The spinning disc method, similar to the spray-drying process, uses an emulsion or suspension containing the material to be coated, prepared with a solution or melt of the coating material. The emulsion or suspension is fed to the disc surface and forms a thin wetted layer that, as the disc rotates, breaks up into airborne droplets from surface tension forces that induce thermodynamic instabilities. Resulting capsules are typically spherical. Because the emulsion or suspension is not extruded through orifices, this technique permits use of a higher viscosity shell material and allows higher loading of the material in the shell. The process also offers a broad range of particle sizes with controlled distribution.
Coextrusion coating methods can create fibers containing the active ingredient within fluid, high-viscosity, glassy sugars and carbohydrates. These fibers can be chopped to create microcylinders. When the viscosity is low and the surface tension of the fluid is high, these extrudates would thermodynamically break up into tiny droplets, creating microcapsules.
The typical extrusion systems use stationary nozzle coextrusion, centrifugal coextrusion, or submerged nozzle coextrusion. All these processes involve concentric nozzles, which pump the core material through the inner nozzle while the shell (coating material) formulation is pumped through the annulus, allowing true “core-shell” morphologies. As the liquid stream exits the nozzle, local disturbances, such as induced vibration or gravitational, centrifugal or drag force, control particle size. Typical capsules produced by coextrusion range from 100 micrometers to 6 mm, or about the size of a human egg to the size of a pencil eraser.
Fluidized bed coating involves suspending solid particles in a temperature and humidity controlled chamber of upwardly moving air or other fluidizing gas where the coating material is atomized. The amount of material that coats the particles is dependent on the length of time that the particles are in the chamber.

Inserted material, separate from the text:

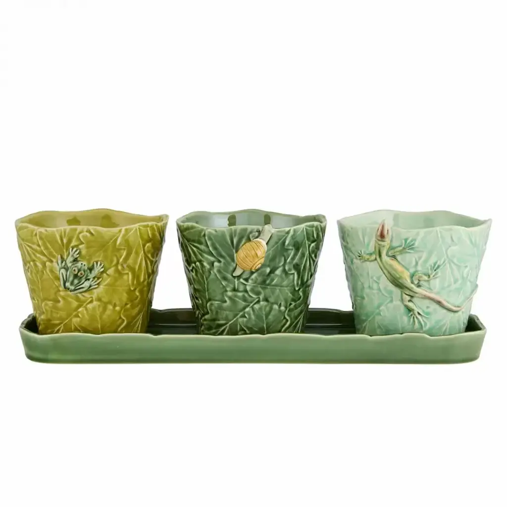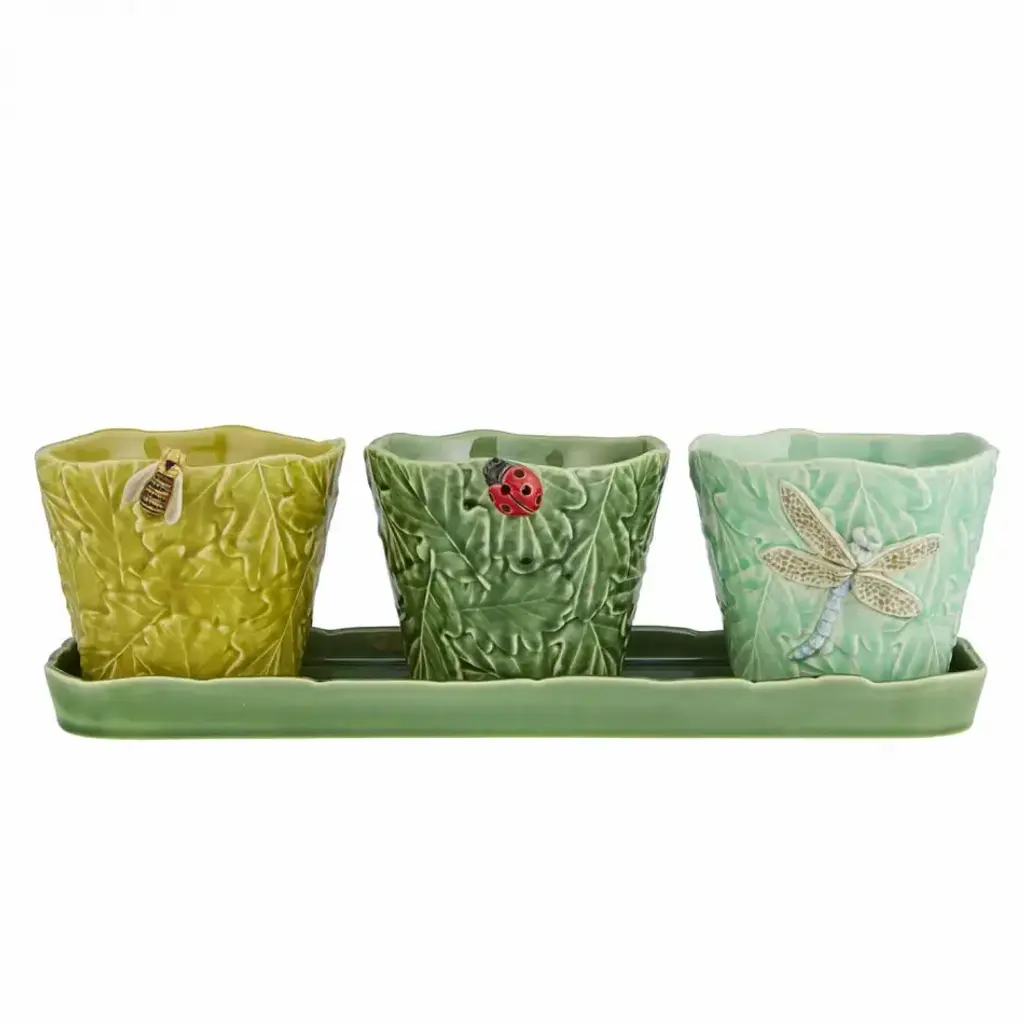 add a touch of floral flair to your table with the bloom salt & pepper set. this whimsical set features two hand-sculpted and hand-painted earthenware shakers - one shaped like a watering can and the other like a potted plant. rubber stoppers ensure mess-free use.

Liposomes have been used as delivery and carrier systems by coating various compounds in the aqueous layer of the liposome. Phospholipids make up the outer layer or layers of liposomes. The hydrophilic portion of the lipids is oriented towards the aqueous phase and the hydrophobic groups associate with the hydrophobic ones of other lipid molecules. Folding of the lipid sheet into a spherical shape forms a very stable capsule due to there being no interaction of the hydrophobic regions of the lipids with water. Aqueous or lipid-soluble materials, but not both, are entrapped in these membranes. Liposomes can range from a few nanometers to a micron. Liposomes are made by three different procedures. The lipid formulation is mixed with a solvent system such as 2:1 chloroform:methanol. The volume of solvent is decreased and the film of lipids/solvent is then redispersed in an aqueous phase. This step forms the liposomes and it can be performed in different ways including physical, two-phase, and detergent solubilization. The liposomes are then recovered from the water.
Coacervation involves forming microcapsular shells by ionic interaction between two ionic polymers, typically a polyanion (such as acacia gum) and a polycation (such as gelatin). The concept of gelation as a coating method involves using a technique such as cooling, crosslinking, or a chemical reaction to form gelled microspheres or microcapsules. For example, reacting sodium alginate with calcium chloride forms the insoluble calcium alginate.

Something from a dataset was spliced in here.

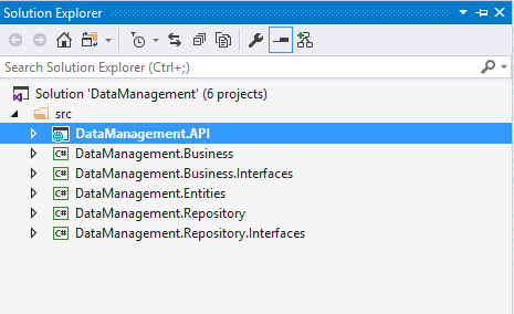 After adding all the projects mentioned above, your Solution Explorer will look as shown below in the screenshot.

Inclusion complexation involves the use of a material such as β-cyclodextrin, in which the center is hydrophobic while the outer surface is hydrophilic due to its seven glucose units linked in a β-1,4 configuration. In the center of the cyclodextrin, water molecules are replaced by less polar molecules. The complex then precipitates out of solution. In the case of β-cyclodextrin, only water can serve as the suspension medium. The precipitate is recovered and dried by conventional means.
Rotational or centrifugal suspension separation involves mixing the core and wall materials and then adding to a rotating disc. The core materials then leave the disc with a coating of residual liquid. The capsules are then dried or chilled after removal from the disc. The whole process can take between a few seconds to minutes.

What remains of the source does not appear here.